Always enjoy the journey along the way. Sometimes we forget to be grateful for what we have, and think too often about what we don’t have rather than what we do have.

From my experience, I have learnt life doesn’t just hand you what you want on a plate! You have to work hard for it. If you take short cuts, you will get found out.

In my view this applies to work, family, triathlons… I’ve also learnt you’re never too old to give it a go!!

How do you keep your focus on sticking to your Game Plan with individual challenges or distractions?

You just focus!!! Sometimes you have to adapt or realise the goal may be too big so break it down over time – keep it simple ! Just like we do with our customers !!! You prioritise what’s important and focus on that task at hand. ( it’s like the spinning plates – sometimes you feel like there are 20 plates spinning in the air and you’re trying to keep them all up. You have to prioritise and try to keep focussed. Some times something has to give. As long as you’re doing your best)

It’s important to have those open and honest conversations with your support networks, husband, family, friends, Manager. I see physics regularly and have a great sports masseuse to ensure I am looking after the body as well as the mind.
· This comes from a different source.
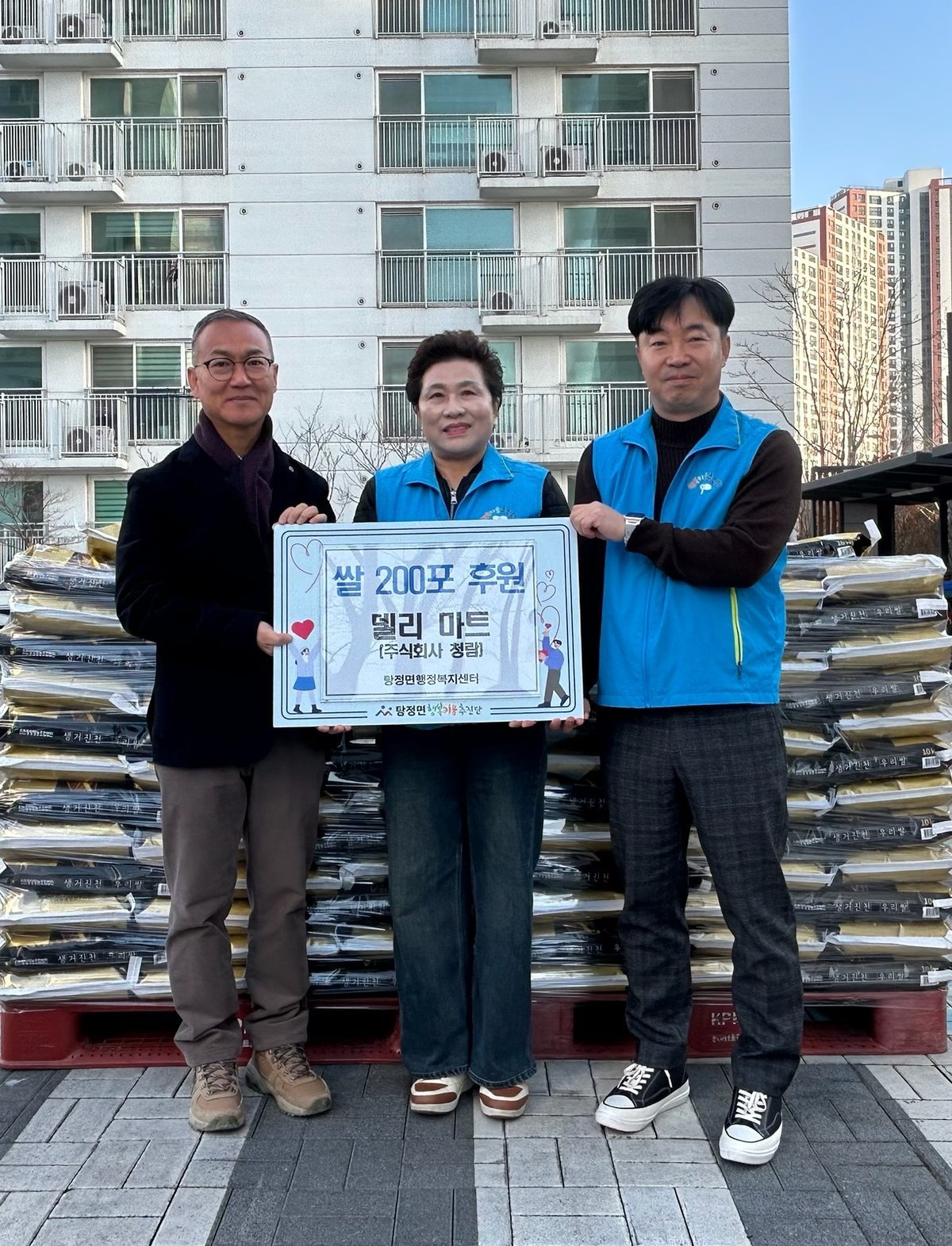 [충청25시] 탕정면 갈산리에 개점을 앞둔 아산 델리마트는 지난 14일 지역 내 취약계층 지원을 위해 백미 10kg 200포를 탕정면 행복키움추진단에 전달했다.

Its also important to remind yourself (especially mothers) to not be too hard on yourself and that includes not feeling guilty of having, “me time”.

Having a supporting team around you is obviously important here. How has NAB provided support and flexibility and what do you think people considering a flexible working arrangement could learn from your experience?

I am fortunate NAB is an employer of choice that supports flexible work arrangements, and also my manager and team are supportive of my approach. Shared Services is a wonderful area to be in with wonderful people and this is an area that really do live and breadth and support flexibility.

There is so much that can be achieved if you give yourself stretch targets both personally and professionally….and Personal achievement can have such a positive impact on your working day.

What have you learnt going into this race and what will you need to do?

I am always learning …. To prepare for Kona, I don’t now need to be the fastest triathlete on the day. I need to get out of bed to train to finish it – this will give me the mental edge I need when the alarm goes off at 4.30am and it’s freezing cold training in Melbourne’s winter.

I will organise a program with my coach and work out short term goals. I will be focussing on training under heat and working out a great nutrition plan for race day. I will also be doing a lead in race in.

What is something you can’t survive the day without?

A kiss from the kids before they go to bed each night, and my husband’s constant supply of Cadbury chocolate (he works for them).